Disappearing Forests and Wetlands in Belize revealed by NASA satellite

In recent years experts can keep tabs on all the things happening on the planet through space. And this technology is what the space industry, via satellites, is helping the globe in achieving. We can look out for natural disasters, climatic changes, and other happenings in space with these facts.

Recently utilizing NASA satellite images and machine learning, the University of Texas research team at Austin unmasked changes in the Northwestern Belize landscape. These changes date back to the last four decades, where there is a significant loss of wetlands and forests. However, there is also an indication of successful regrowth of forest in the conservation zones whose main mission is to protect ancient Maya’s surviving structures.

This research is vital and offers a case study regarding the rapidly developing and tropical areas globally, especially in regions struggling to maintain a forest and wetland conservation balance, keeping in mind food security and agricultural needs. A professor at the Geography Department, Timothy Beach, explained that the broad-scale worldly studies indicate tropical deforestation and destruction of wetlands is happening fast. And these details are affecting climate changes in different ways, including an increase in greenhouse gas emissions. It is also the main contributor to water pollution, and Belize is a popular long-term environmental research Centre when solving this global dilemma.

The research team has a study in Remote Sensing where it states that the study was under Colin Doyle’s leadership, a UT Austin Graduate. During the study, the team used NASA satellite images to show the land-cover and the years’ changes. The timeline was chosen regarding the agricultural and conservation initiatives’ rapid changes.

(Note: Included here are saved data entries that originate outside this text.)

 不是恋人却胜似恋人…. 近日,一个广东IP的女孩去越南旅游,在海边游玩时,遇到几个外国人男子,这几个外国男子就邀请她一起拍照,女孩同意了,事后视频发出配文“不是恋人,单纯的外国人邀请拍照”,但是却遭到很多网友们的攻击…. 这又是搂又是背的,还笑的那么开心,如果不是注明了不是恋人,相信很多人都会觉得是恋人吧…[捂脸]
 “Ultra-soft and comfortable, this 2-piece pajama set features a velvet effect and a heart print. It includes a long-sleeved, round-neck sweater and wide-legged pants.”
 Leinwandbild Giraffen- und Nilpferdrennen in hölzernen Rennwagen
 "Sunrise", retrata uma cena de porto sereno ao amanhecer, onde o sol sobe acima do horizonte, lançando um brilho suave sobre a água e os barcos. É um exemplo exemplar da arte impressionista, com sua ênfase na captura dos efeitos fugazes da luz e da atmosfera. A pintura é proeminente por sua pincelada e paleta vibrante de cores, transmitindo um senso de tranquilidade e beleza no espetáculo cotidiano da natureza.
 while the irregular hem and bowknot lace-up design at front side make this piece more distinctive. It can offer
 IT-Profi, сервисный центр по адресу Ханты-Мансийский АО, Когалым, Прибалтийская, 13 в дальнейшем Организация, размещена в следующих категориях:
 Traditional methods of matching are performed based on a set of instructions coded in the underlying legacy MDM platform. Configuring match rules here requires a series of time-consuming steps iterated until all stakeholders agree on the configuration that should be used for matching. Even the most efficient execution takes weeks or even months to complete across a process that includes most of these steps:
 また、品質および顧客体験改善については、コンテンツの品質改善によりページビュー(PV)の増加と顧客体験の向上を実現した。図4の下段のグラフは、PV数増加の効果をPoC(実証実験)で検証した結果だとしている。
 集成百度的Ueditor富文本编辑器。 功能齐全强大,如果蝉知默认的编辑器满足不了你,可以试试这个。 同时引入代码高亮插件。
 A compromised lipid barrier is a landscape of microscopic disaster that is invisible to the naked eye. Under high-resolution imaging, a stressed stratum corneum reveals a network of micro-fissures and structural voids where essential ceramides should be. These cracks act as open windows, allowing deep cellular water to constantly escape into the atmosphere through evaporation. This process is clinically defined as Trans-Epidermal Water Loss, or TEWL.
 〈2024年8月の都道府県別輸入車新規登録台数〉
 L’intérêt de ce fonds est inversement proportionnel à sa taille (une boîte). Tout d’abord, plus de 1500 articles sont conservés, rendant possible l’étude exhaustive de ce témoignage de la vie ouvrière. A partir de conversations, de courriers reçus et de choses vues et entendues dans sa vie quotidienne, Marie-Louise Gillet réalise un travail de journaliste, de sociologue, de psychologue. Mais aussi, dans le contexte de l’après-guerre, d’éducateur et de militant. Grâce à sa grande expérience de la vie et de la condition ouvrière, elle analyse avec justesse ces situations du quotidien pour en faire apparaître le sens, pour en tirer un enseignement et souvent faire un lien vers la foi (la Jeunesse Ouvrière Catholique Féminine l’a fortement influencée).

The Landsat program has been running since 1972, recording earth images, and is currently working under the eighth satellite. To make such conclusions, the research team used images from many satellites in the program. Later they used an algorithm to understand eight different land types, including wetlands and forests. From the images, it is clear that between 1984 and 1987, deforestation was reduced to small patches. With protected areas dating back to the 1990s, the second examination between 1999 and 2001 showed forest regrown but wetlands losses.

Its third examination was between 2014 and 2016, and following the industrial agriculture shift, losses in both wetlands and forests are evident. One of the major influencing factors is population since an increase in population means more land for agriculture for food security. And this detail will have a huge impact on the land. Images also show the necessity of conservation efforts for forest maintenance. The report indicates that the conversion of forest to agricultural land increases greenhouse gas emissions in the tropics.